Thursday, August 5th, 2010
Picture a political activist crusading against an unjust war. Or a brilliant academic having coffee with his Ivy League students. Or a world-renown author on a book tour. Or a priest who gets as much respect from Protestants as he does from Catholics. Or a housemate sitting across the dinner table from his mentally disabled friends. Or a middle-aged man trying to come to terms with the demands of a distant and critical father.
Now imagine such a person on a red velvet armchair with gold-painted legs, sitting for hours in a majestic Russian museum, staring endlessly at a painting. What’s he doing there? Why does he look for so long? What could he be possibly thinking about?
That man is Henri Nouwen, and that painting is Rembrandt’s The Return of the Prodigal Son. You will discover a lot about them both (and yourself) if you read Nouwen’s classic spiritual memoir of the same name and its posthumously published companion, Home Tonight. Nouwen’s strong identification with the younger son takes a surprising turn when a friend suggests he might really be more like the elder one. Later, when another friend prompts him to consider whether his true calling might be to become the father, Nouwen begins to recognize in the parable the arc of his own earthly life. It is this that he contemplates as he gazes on Rembrandt’s masterwork of some 300 years earlier based on a Jesus story of more than 1600 years before that.
Here was a worthy trail for us to follow as we sought to bring this parable to musical life.
Not only will Nouwen’s book inspire you, as it did us, to look at the story and the painting in a deeper and very personal way, but you’ll also find a most remarkable example of an art consumer and audience member in Nouwen.

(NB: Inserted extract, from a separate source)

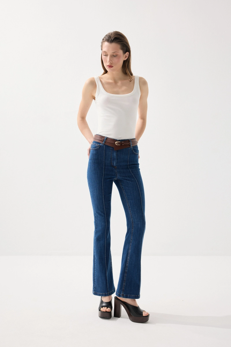 Nervür detaylarıyla modern ve zarif bir görünüm sunar. Dizden aşağı doğru genişleyen paça formu feminen bir siluet oluşturur. Denim kumaşı sayesinde konforlu ve dayanıklı bir kullanım sağlar. Günlük kombinlerde stil sahibi bir görünüm yaratır. Zamansız tasarımıyla gardırobun dikkat çeken parçalarından biridir.

At once a learned man and a curious child, Nouwen savors all he reads in the parable and all he sees in the painting. He hangs on the details. He doesn’t drink them in so much as he marinates in them – for years. And thanks to his intimate dialogue with the art, he also discovers truths about himself. The art even informs the choices he makes about what to do next with his life.
Here’s a thought: how about you join us as we follow and imitate Nouwen? Take another look at the story. Absorb the painting. Read his books. Listen to our music. Get lost for hours. Find yourself in startling ways. Talk about it with your friends.